下 痢
佐々木記
下痢とは便が固有の形状を失い、水様または泥状となり、その回数が異常に多い
状態です。下痢は腸管内の有害物を排除する防御的生理現象であり、多くは病気にともな
って現れます。
下痢の発生は腸内の水分が増加し、腸の動きが異常にたかまり、腸の吸収作用が
減退することにより生じます。
下痢には急性と慢性があり、急性は感染症(サルモネラ、ビブリオ腸炎、コレラ、赤痢等)によることが多く、ついで暴飲暴食、寒冷、ストレス等です。
慢性は小腸、大腸疾患によるものが多いです。
食中毒や伝染病の場合は緊急を要し、また長引くと全身の状態が不良となりますので、早めに受診し治療を受けることが大切です。
(症状)発熱、腹痛(しぶり腹)、吐き気、嘔吐、全身がだるい、便の回数が頻回、粘血便、タ−ル便、急激な脱力感、血圧の低下
(生活上の注意)
1) 下痢が頻回で症状が激しい場合は絶食にし、受診して点滴(輸液)を受けることが大切です。
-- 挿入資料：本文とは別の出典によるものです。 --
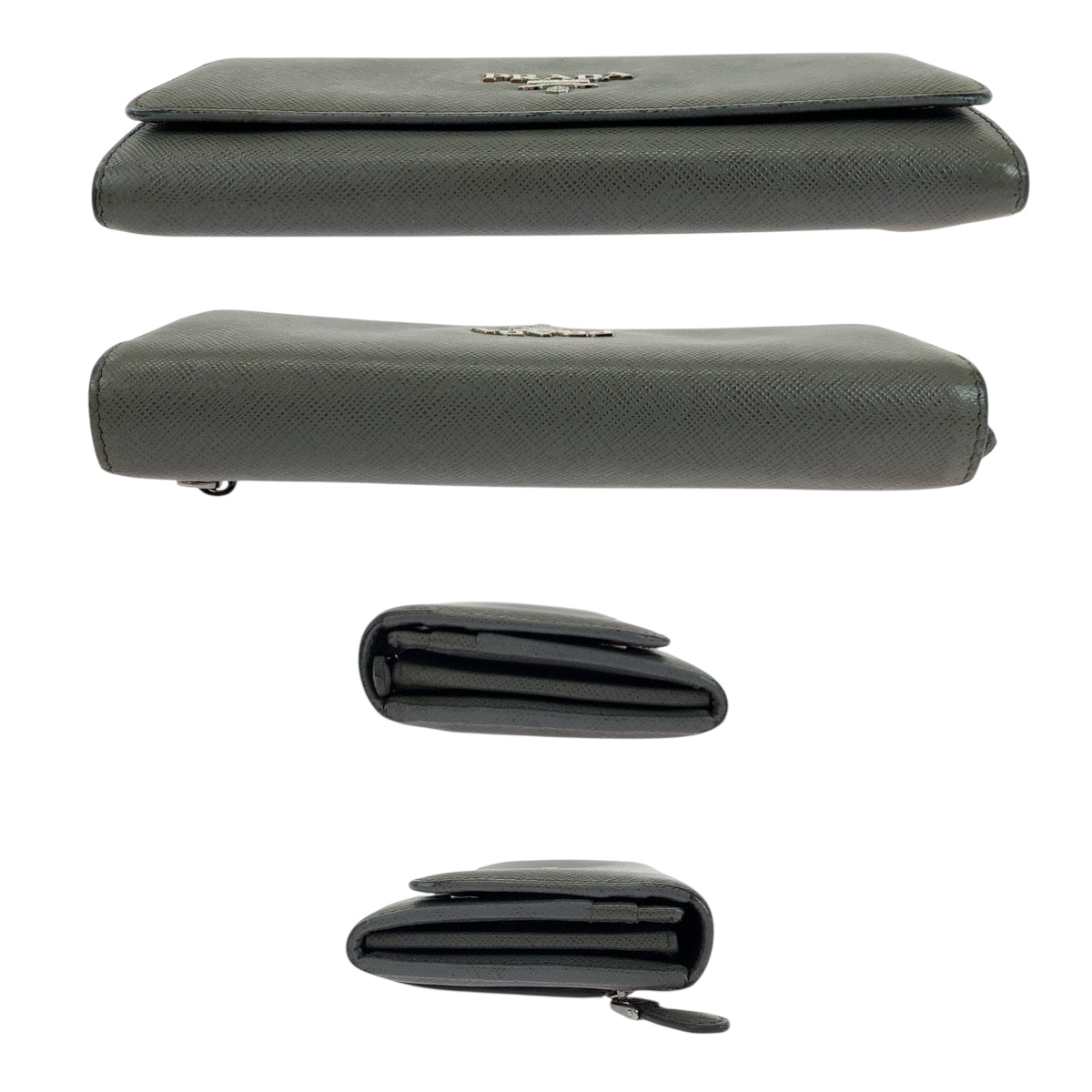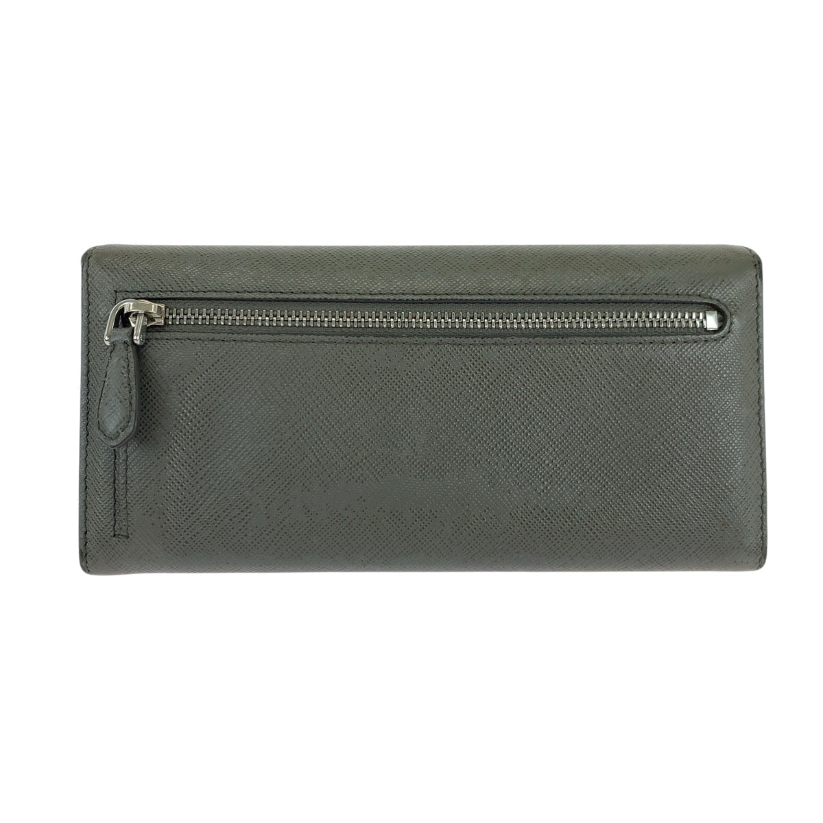 PRADA Long Wallet Purse 1MH132 leather Grey SilverMetal Long Wallet Purse with pass case Safiano logo Women Used Authentic

(脱水および電解質の乱れを調整するために)
また、水分(湯ざまし、番茶、スポ−ツドリンク等)は少しずつ(なめるように)頻回に補給することが大切です。
2)食事について
急性の下痢症状:
最初は絶食にし、水分(湯ざまし、番茶、スポ−ツドリンク)は、少しずつ(なめるように)頻回に補給する。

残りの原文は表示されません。